Let $AQ=x$, $AP=y$ and $l=1$.

Thus, $$PQ=\sqrt{x^2-xy+y^2},$$ $$PC=\sqrt{y^2-y+1}$$ and $$BQ=\sqrt{x^2-x+1}$$ and we need to prove that $$\sqrt{x^2-xy+y^2}+\sqrt{x^2-x+1}+\sqrt{y^2-y+1}\geq2.$$ Now, by Minkowwski $$\sqrt{x^2-x+1}+\sqrt{y^2-y+1}=\sqrt{\left(x-\frac{1}{2}\right)^2+\frac{3}{4}}+\sqrt{\left(y-\frac{1}{2}\right)^2+\frac{3}{4}}\geq$$ $$\geq\sqrt{\left(x-\frac{1}{2}+y-\frac{1}{2}\right)^2+\left(\frac{\sqrt3}{2}+\frac{\sqrt3}{2}\right)^2}=\sqrt{(x+y-1)^2+3}$$ and $$\sqrt{x^2-xy+y^2}\geq\frac{x+y}{2}.$$ Let $x+y=2a$.

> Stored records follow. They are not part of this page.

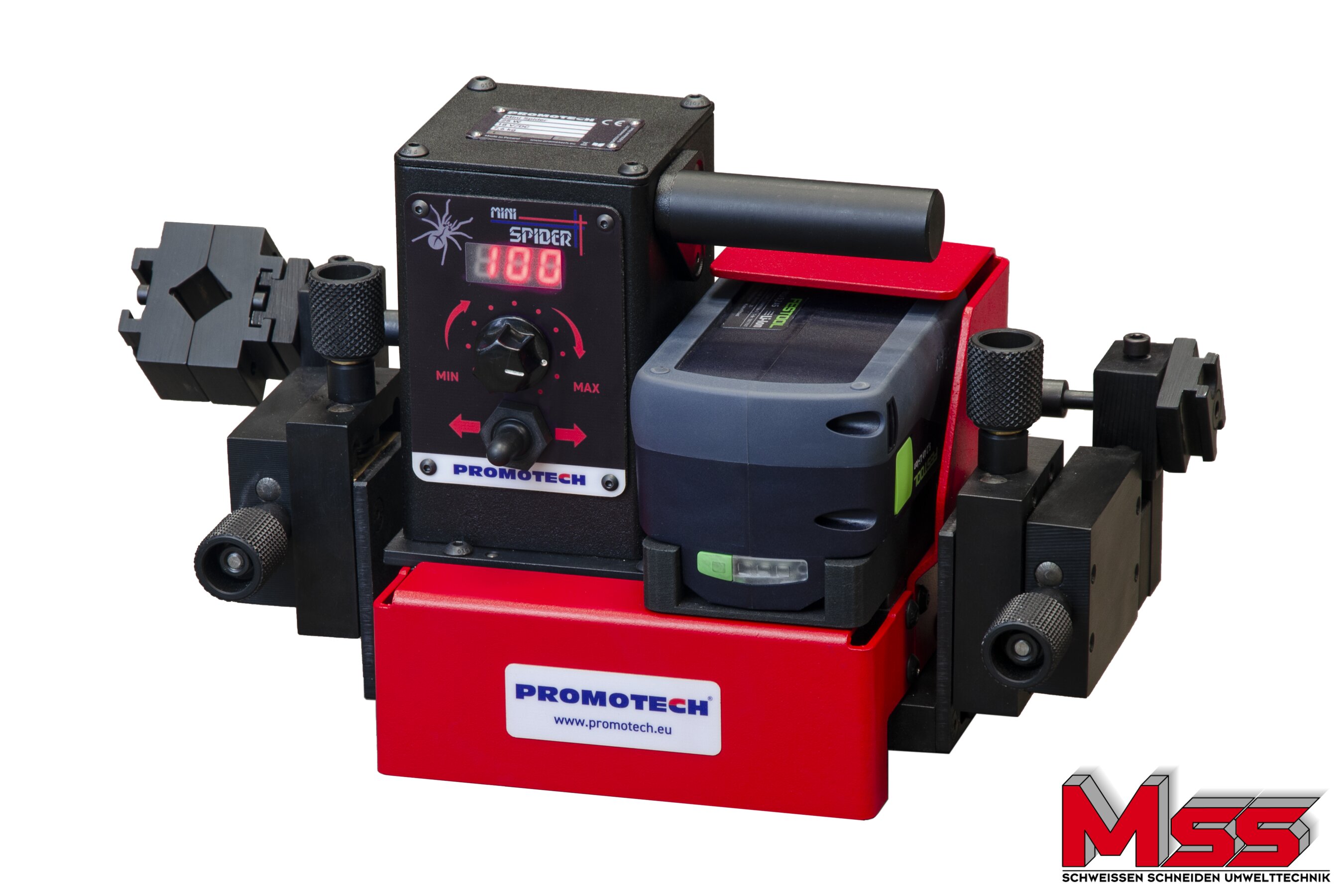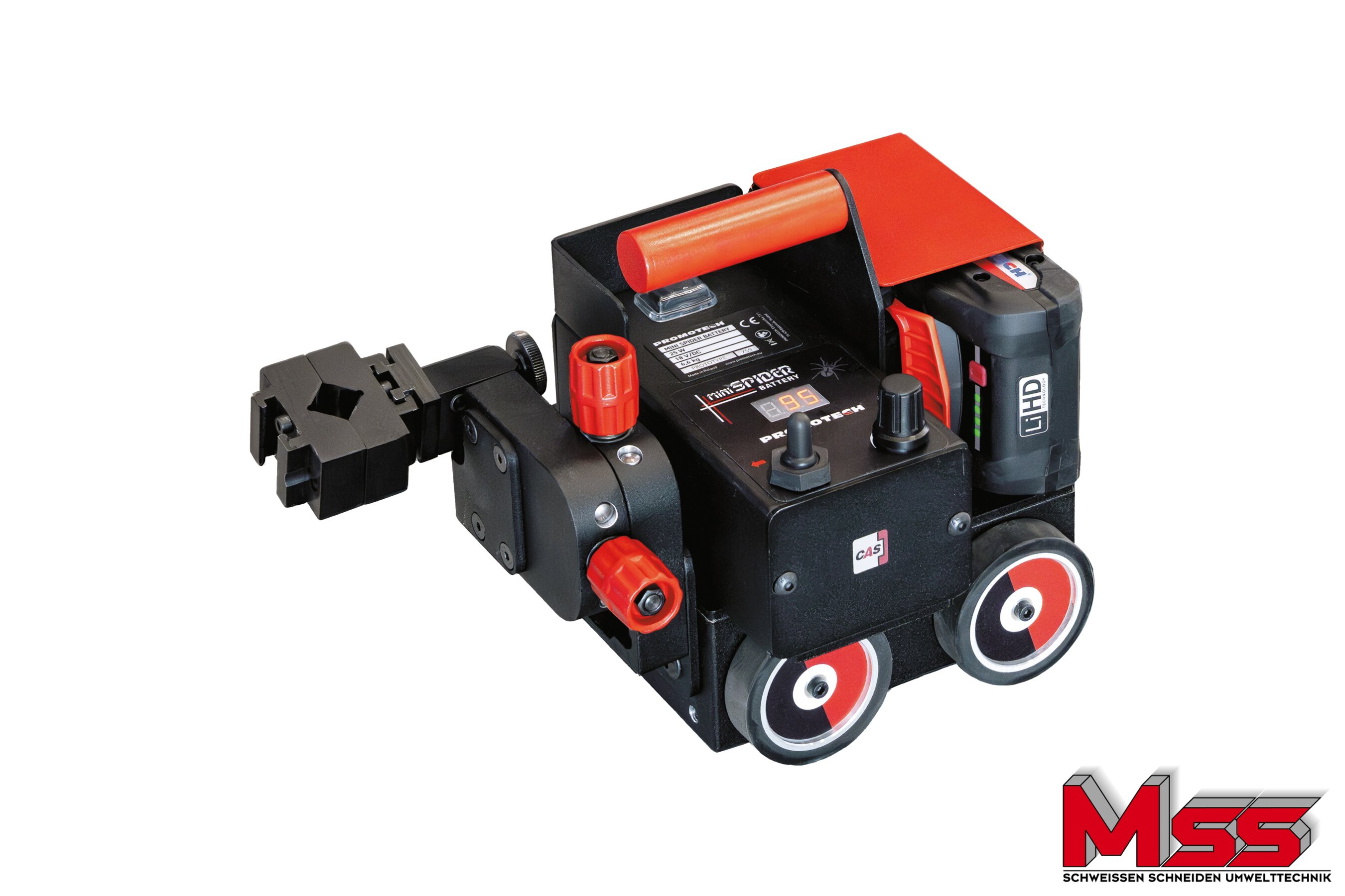 MINI SPIDER BATTERY ist ein batteriebetriebener Schweißtraktor für das kontinuierliche Schweißen mit MIG / MAG-Brennern. Der CAS-LiHD-Akku (High Density Lithium Ion) bietet ausreichend Leistung, um auch härteste Anwendungen ohne Kabel zu bewältigen.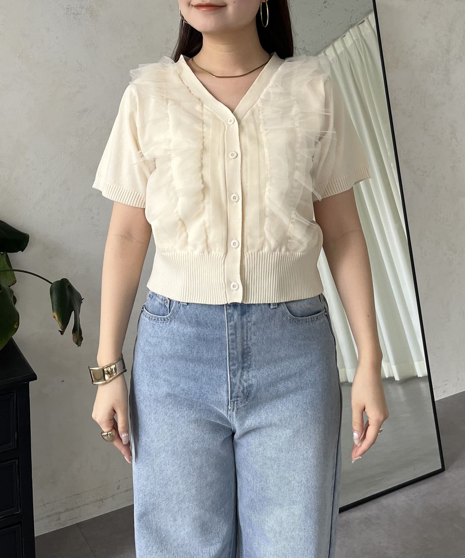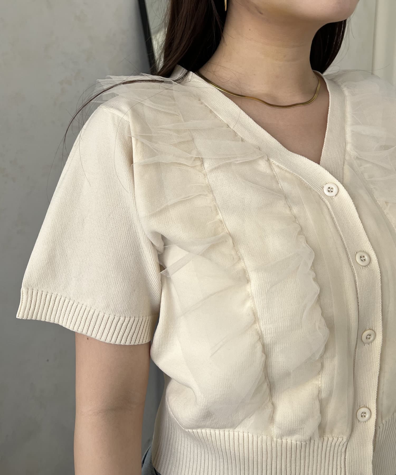 半袖チュールフリルカーディガン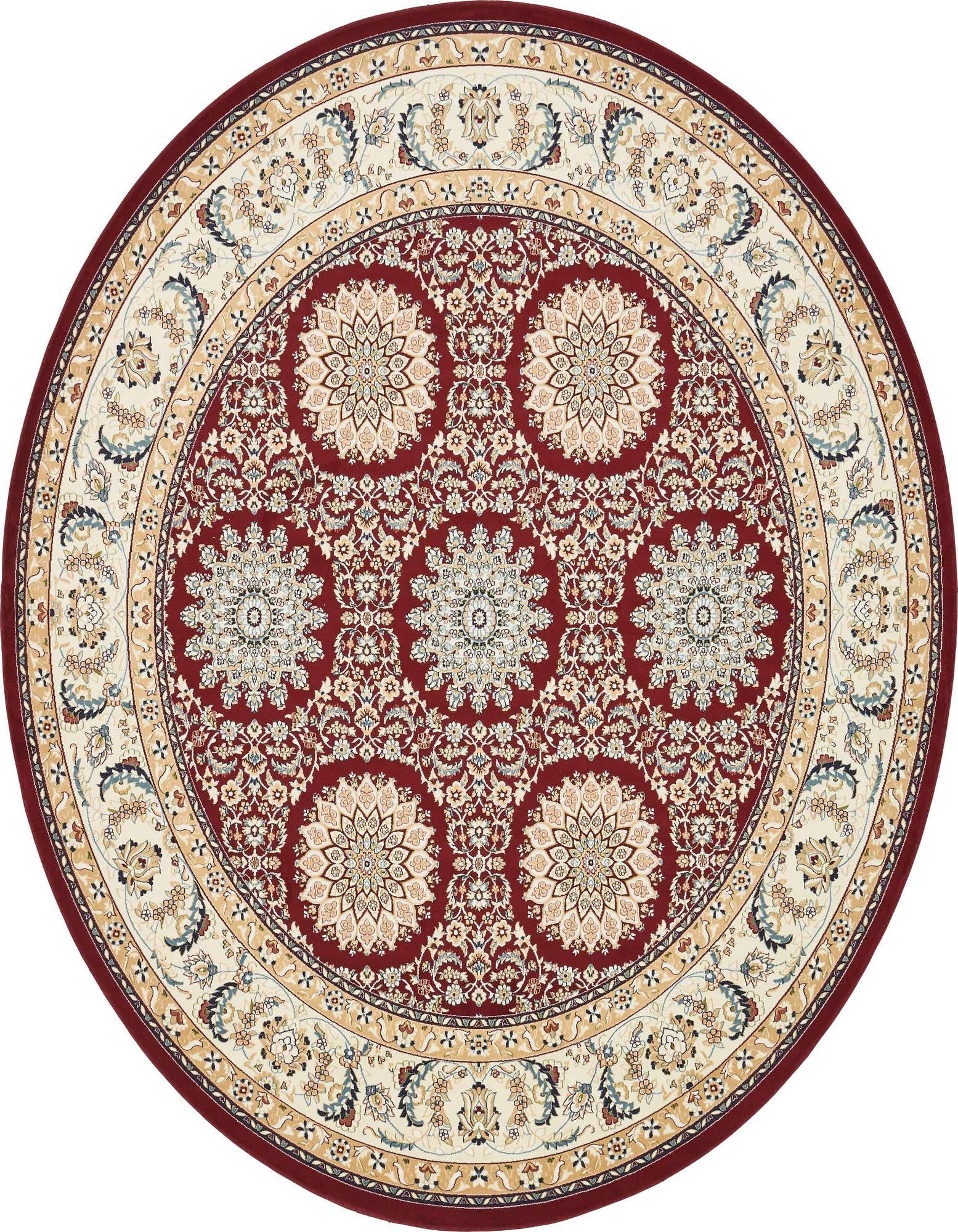 Primary color is Burgundy. Colors in this rug include: Burgundy, Beige, Blue, Cream, Green, Ivory, Navy Blue, Puce.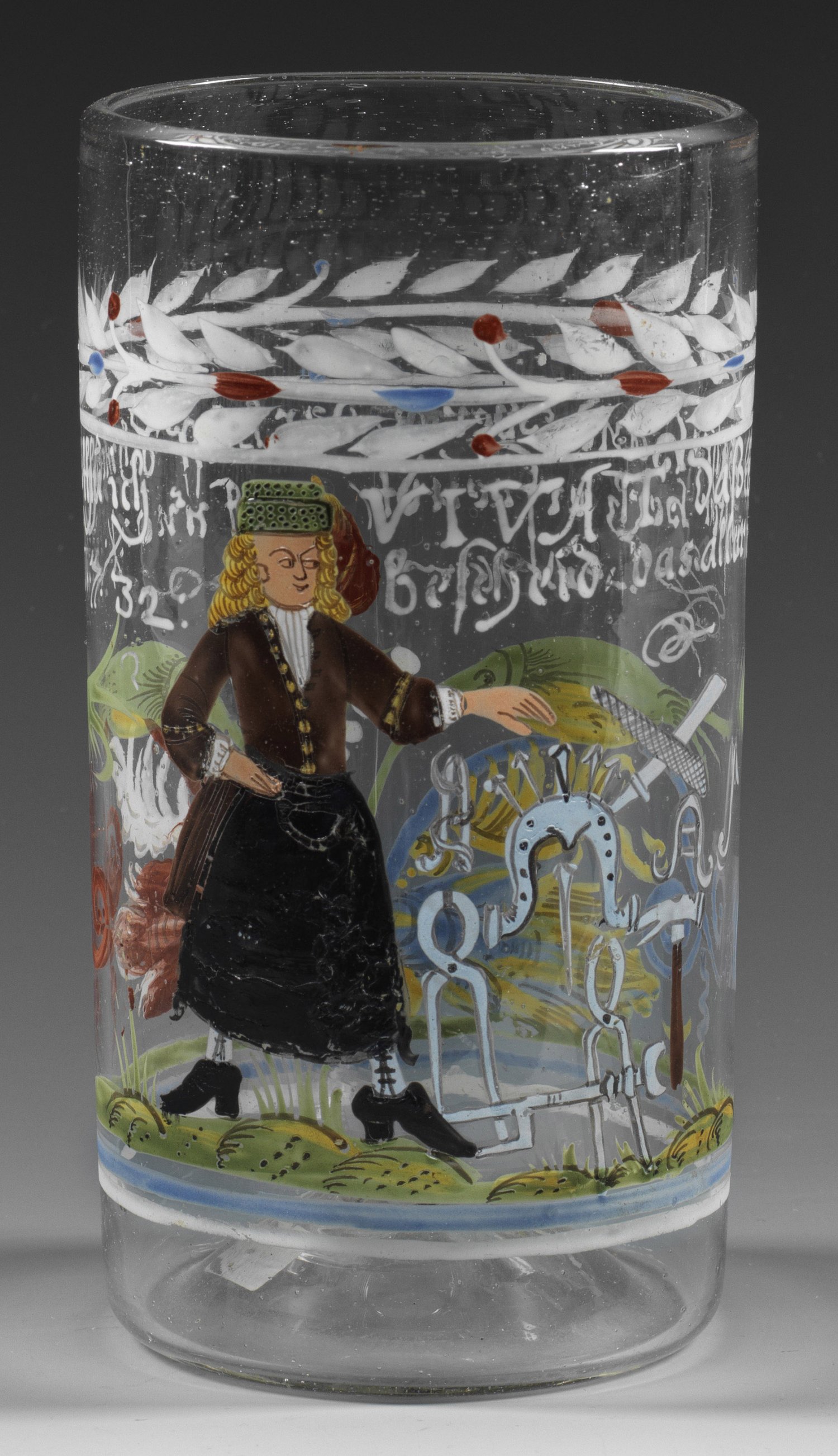 Barock-Becher der Hufschmiede-Zunft Farbloses Glas. Zylindrische Form. Polychrome Emailbemalung. Schauseitig die Figur eines Hufschmiedes mit seinen Werkzeugen und Erzeugnissen rücks. floraler Dekor mit korrespondierendem Spruch auf die Hufschmiede-Zunft und Dat. 1732. H. 17 2 cm.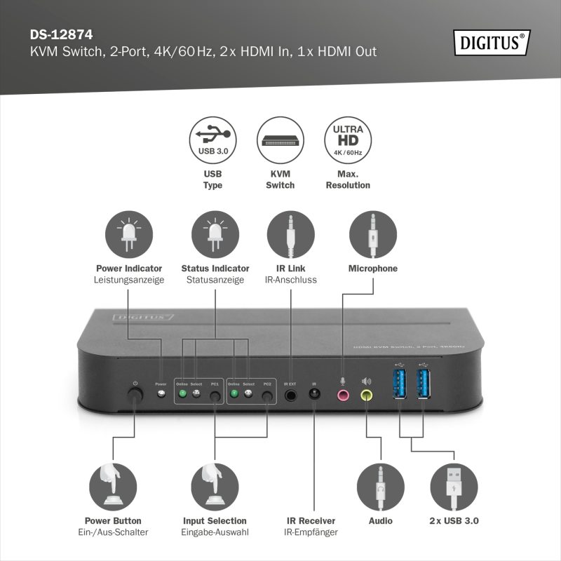 DIGITUS® 2-Port KVM Switch je vysoce výkonný HDMI-KVM přepínač. Směruje video s vysokým rozlišením (ve více rozlišeních až do 4kx2k@60Hz) a zvuk z kteréhokoli z několika zdrojů do zobrazovacích jednotek. Tento přepínač HDMI-KVM má nejen funkci přepínání stisknutím tlačítka, ale má také inteligentní funkci a také funkci připojitelnou za provozu.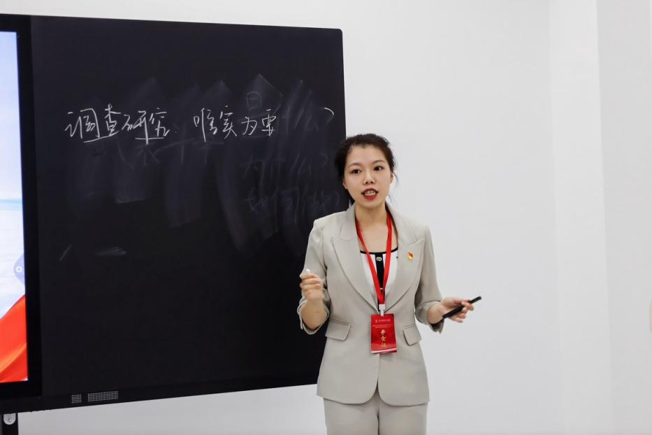 在教学展示环节,冯静宜老师于《毛泽东思想和中国特色社会主义理论体系概论》课程比赛中,以《调查研究 唯实为要》为题,梳理了党在各个时期的调研实践,强调了调查研究的重要性。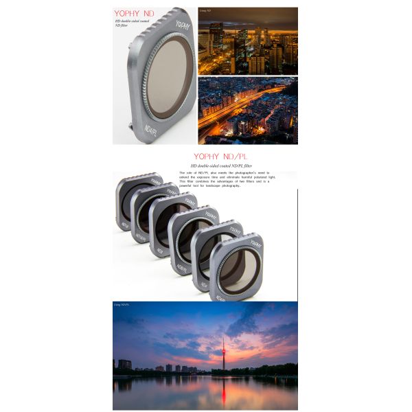 | DJI Mavic2 Zoom 6in1 | ND4,ND8,ND16,ND32,ND64,ND4/PL, ND8/PL,ND16/PL,ND32/PL,ND64/PL | Aviation aluminum alloy+AGC glass | 60g | Thread interface; Grey/black |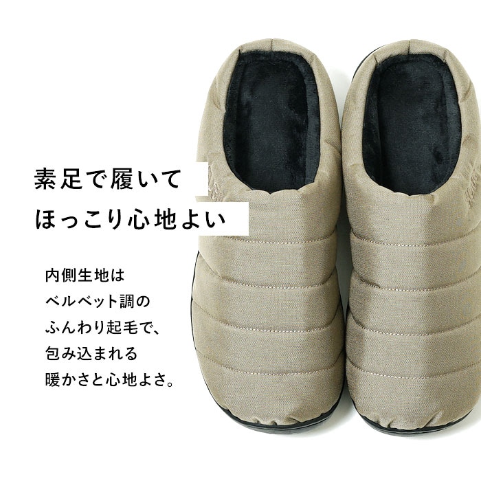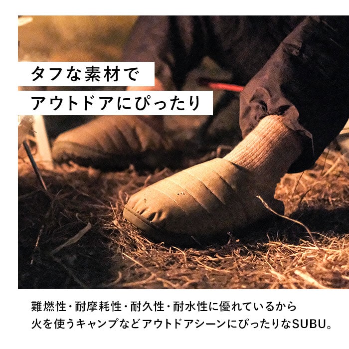 | 商品説明 | 【“SUBU”・・誰も知らない冬のサンダル】寒い時期、ふと出掛ける時に素足で履ける、今までにない秋冬サンダル「SUBU NANNEN -ナンネン-」【ダウンのような暖かさで足元包む】ダウンジャケットのようなキルティング素材で足元をふんわり包み、冷え込む朝も暖かな履き心地。【素足のままでも至福の心地よさ】内側の生地をベルベット調の滑らかな起毛素材で仕上げ、素足が包み込まれるような心地よさ。【足裏に優しい4層構造ソール】4層構造のフッドベッドが着地時の衝撃をふわっと吸収。抜群のフィット感と優しい履き心地が魅力。【スリッパみたいにサッと履ける】大きく開いた履き口と踵部分が低めになったフラット形状で、つま先がスルッと入り着脱スムーズ。【焚き火を囲むキャンプシーンに】・「SUBU -NANNEN-」は難燃性に優れたCORDURA 305Dを生地に使用し、火を使うキャンプに最適。テントの出入り時の脱ぎ履きも手間取らない!※CORDURA(R)FABRICとは、摩耗、耐久性、耐水性に優れた繊維であり、ミリタリーやワークウェアにも使用されるファブリックブランドです【滑りにくいアウトソール】合成ゴム製のアウトソールにはしっかりと厚みを持たせ、地面からの冷えを感じにくいつくり。底面の滑り止めの凹凸には、SUBUのロゴをさりげなく刻印。【ちょっとそこまでのお出掛けに】ご近所へのお買い物やワンちゃんのお散歩に気軽に履ける!寒い季節でも素足のままで足元快適。【ルームシューズとしても大活躍】クッション性のあるインソールはリラックスして過ごすおうち時間にも最適。オフィスサンダルにも◎【大切な人とリンクコーデも自在】カップルやファミリーでコーディネートできる22cm~29.5cmまでの全4サイズ展開。【アウトドアに身軽に持ち運び】開口部を止水ファスナーで仕上げたCORDURA生地の収納袋は、肩掛けしやすいショルダーベルト付。ほのかに浮かびあがるロゴデザイン入りで、ギフトにも最適。 |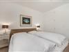 Schlafen: geräumiger Schlafraum mit elektrisch verstellbarem Doppelbett (2 Matratzen á 90 x 200 cm) ohne Fußende und Einbauschrank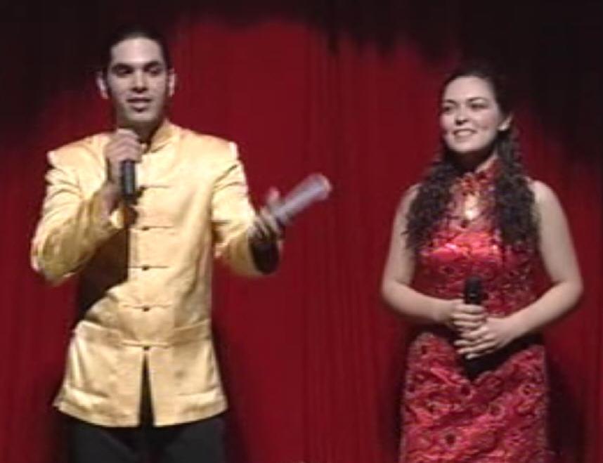 伊朗学生孟龙和乌克兰学生列娜主持歌唱大赛

Hence, $a\leq1$ and we need to prove that $$a+\sqrt{(2a-1)^2+3}\geq2$$ or $$\sqrt{4a^2-4a+4}\geq2-a$$ or $$4a^2-4a+4\geq a^2-4a+4,$$ which is obvious.

Done!

By my solution easy to make a geometric proof.